The accuracy and impartiality of that Wikipedia list is disputed, it says to right at the top of the page. The top ten list in the Washington Post in 2002, for ranks in 1998, is significantly different:
Mandarin.... 874,000,000
Hindi.......... 366,000,000
English....... 341,000,000
Spanish...... 322,000,000
Bengali........ 207,000,000
Arabic......... 201,000,000
Portuguese.. 176,000,000
Russian....... 167,000,000
Japanese..... 125,000,000
German....... 100,000,000
"Language follows the coin, not the flag," is an old proverb among linguists. America is the economic giant today so English is the world's leading language. We should remind ourselves that French had its day in the West, as did Latin and Greek.
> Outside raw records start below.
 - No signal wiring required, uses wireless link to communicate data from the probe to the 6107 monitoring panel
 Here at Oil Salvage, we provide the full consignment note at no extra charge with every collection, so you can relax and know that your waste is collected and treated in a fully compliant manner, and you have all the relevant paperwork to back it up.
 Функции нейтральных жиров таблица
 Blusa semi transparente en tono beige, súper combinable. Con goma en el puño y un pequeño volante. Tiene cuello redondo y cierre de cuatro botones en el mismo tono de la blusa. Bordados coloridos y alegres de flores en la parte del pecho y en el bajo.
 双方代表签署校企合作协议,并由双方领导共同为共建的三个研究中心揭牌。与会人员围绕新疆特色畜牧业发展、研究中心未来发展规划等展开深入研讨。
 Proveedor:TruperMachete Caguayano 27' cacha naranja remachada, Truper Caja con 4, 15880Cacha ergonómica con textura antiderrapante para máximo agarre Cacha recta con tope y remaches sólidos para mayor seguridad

Aramaic was the leading language in the Middle East for centuries, and we can hardly forget that Chinese monks spread their language throughout East Asia with their writing system and other culture.
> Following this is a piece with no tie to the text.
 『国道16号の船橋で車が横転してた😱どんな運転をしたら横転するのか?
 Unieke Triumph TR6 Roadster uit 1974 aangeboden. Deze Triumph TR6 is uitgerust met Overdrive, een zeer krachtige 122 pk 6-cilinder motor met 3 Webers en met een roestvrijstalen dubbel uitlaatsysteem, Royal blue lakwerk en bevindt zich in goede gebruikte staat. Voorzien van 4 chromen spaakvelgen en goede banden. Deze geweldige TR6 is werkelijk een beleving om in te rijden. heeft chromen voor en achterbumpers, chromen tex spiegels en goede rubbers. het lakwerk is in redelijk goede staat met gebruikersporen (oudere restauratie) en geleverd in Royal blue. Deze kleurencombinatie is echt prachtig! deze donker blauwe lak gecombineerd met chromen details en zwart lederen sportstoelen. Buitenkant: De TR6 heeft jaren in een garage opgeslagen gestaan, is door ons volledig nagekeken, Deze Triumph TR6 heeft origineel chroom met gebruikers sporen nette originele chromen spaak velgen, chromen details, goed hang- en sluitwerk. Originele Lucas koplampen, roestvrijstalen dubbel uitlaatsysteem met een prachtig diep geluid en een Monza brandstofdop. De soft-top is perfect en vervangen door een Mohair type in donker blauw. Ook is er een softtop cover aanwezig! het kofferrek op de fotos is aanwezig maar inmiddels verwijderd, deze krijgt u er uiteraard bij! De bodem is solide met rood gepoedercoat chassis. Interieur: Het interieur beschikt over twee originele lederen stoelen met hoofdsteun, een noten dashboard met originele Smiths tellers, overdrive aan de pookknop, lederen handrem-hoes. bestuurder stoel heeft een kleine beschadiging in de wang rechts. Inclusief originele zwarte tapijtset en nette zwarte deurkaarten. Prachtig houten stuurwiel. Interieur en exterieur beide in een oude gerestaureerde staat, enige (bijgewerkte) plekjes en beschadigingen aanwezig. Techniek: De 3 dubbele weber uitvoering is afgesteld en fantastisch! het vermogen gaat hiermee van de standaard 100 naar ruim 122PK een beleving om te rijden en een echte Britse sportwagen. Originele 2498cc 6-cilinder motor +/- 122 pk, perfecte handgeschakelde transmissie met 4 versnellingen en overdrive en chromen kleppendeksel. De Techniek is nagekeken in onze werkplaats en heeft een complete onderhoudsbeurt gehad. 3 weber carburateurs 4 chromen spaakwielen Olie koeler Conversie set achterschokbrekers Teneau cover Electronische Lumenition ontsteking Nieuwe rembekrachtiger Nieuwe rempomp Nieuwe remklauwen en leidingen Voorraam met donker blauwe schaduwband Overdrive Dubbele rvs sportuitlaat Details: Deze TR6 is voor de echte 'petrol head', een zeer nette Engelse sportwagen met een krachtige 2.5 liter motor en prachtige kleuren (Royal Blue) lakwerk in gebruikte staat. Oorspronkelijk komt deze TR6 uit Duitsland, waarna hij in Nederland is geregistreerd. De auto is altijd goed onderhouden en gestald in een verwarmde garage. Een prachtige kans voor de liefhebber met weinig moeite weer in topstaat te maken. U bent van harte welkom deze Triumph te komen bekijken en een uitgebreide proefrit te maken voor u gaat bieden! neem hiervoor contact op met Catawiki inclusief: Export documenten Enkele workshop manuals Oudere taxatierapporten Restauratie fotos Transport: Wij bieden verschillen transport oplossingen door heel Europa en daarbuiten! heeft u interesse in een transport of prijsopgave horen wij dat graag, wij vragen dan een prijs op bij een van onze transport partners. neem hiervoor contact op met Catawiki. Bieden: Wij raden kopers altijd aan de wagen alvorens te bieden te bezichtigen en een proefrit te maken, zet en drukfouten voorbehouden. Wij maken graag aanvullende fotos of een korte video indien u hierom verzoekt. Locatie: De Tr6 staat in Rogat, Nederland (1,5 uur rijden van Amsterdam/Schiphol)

Perhaps Chinese will have another period of ascendancy. Personally I think it's a much more suitable language for a rapidly changing world. It is far more adaptable than English, which is hobbled by Stone Age paradigms like tense, number, and parts of speech. We have to express relationships with a clumsy set of less than two dozen prepositions; Chinese does it with nouns and verbs.
Americans complain about the "difficult" phonetics of Chinese, but most of the foreigners I've met think that English phonetics are positively daunting. Chinese has the unique advantage, due to its near total lack of noise-words, of being compact. It generally takes fewer syllables in Chinese to express an idea than in most other languages. As a result it can be spoken more slowly, a boon for non-native speakers struggling to parse sentences in real time.
My vote, if it were up for election, would be Chinese. My prediction, based on the direction of the world economy, is also Chinese. Of course I'd be happy if it were Esperanto because I already speak it, but to me its intractable disadvantage is far too many syllables.